Legal Experts Give Their Opinion
Eric Rosen, a former federal prosecutor and founding partner at Dynamis law firm, shared his thoughts on the case. In a blog post on June 30, Rosen suggested that Gill could easily counter the main arguments of the lawsuit with a well-crafted motion to dismiss. He pointed out the challenges Radev would face in proving fraud and establishing himself as a “reasonable investor” in court.
Gill, who was at the center of the 2021 GameStop short squeeze, recently ended a two-year absence from social media. His return in May, marked by cryptic memes on X (formerly Twitter), coincided with renewed volatility in GameStop’s stock price.


GameStop share price rose when Gill posted a cryptic meme in May this year.
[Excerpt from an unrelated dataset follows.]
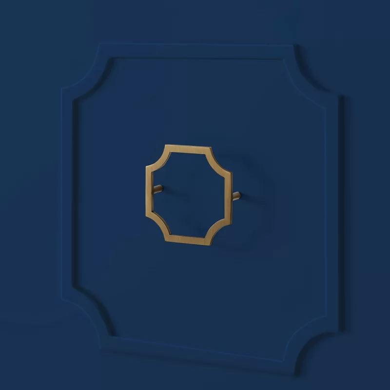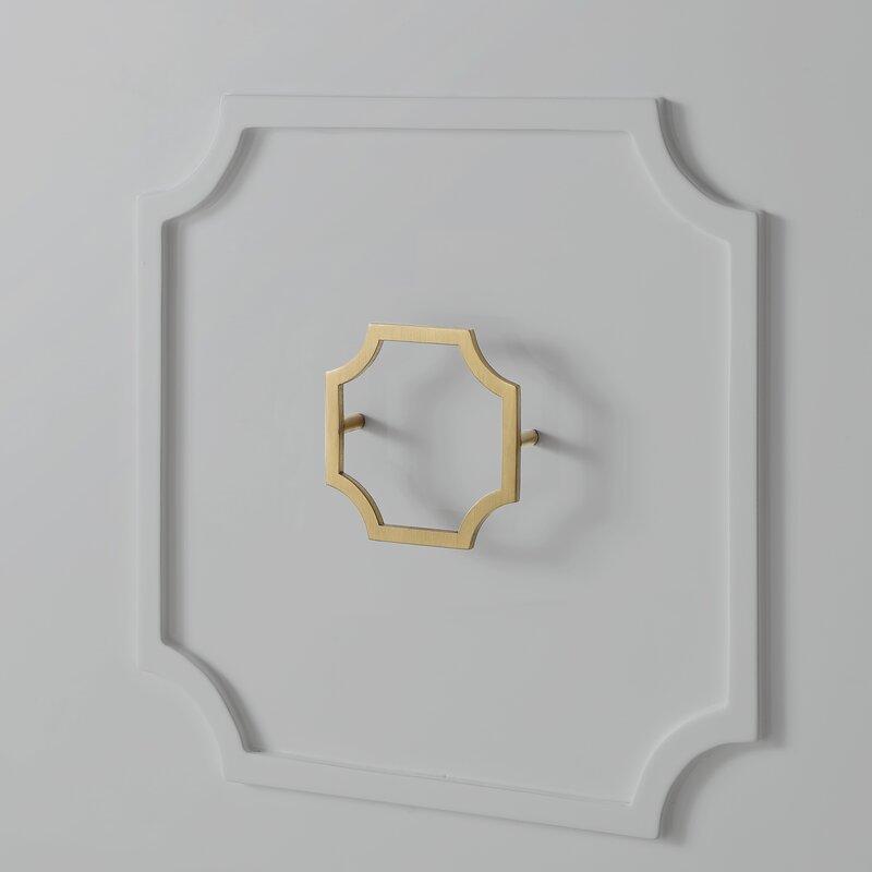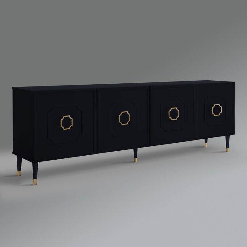 This Adonis White Gold  Cabinet 95.5” wide sideboard brings luxe style to your living room, dining room, or office. It’s made of engineered wood in a gloss finish, and features a rectangular shape, a finished back, and tapered legs. The stainless steel leg caps and octagonal open-framed metal handles have a gold-tone finish, which offers a distinctive contrast. This piece has four cabinet doors, each with trim in a raised octagonal design; each cabinet has two shelves, offering plenty of space for media equipment, dishes and serve ware, or books and files. This sideboard completes the look in any contemporary or glam setting.

Source: Google Finance
Following his return, Gill disclosed substantial GameStop holdings on Reddit, including 120,000 call options set to expire on June 21. He exercised these options before they expired, using the profits to add four million shares to his portfolio.
Gill Expands to Chewy
In his latest market move, Gill has acquired a significant stake in Chewy, a major U.S. pet retailer. He purchased nine million shares, representing a 6.6% ownership stake in the company. His followers are now speculating about potential future market movements, with some observers drawing parallels to the GameStop situation.
However, Chewy’s share price is currently down nearly 7% from a day ago and is trading at $25.44.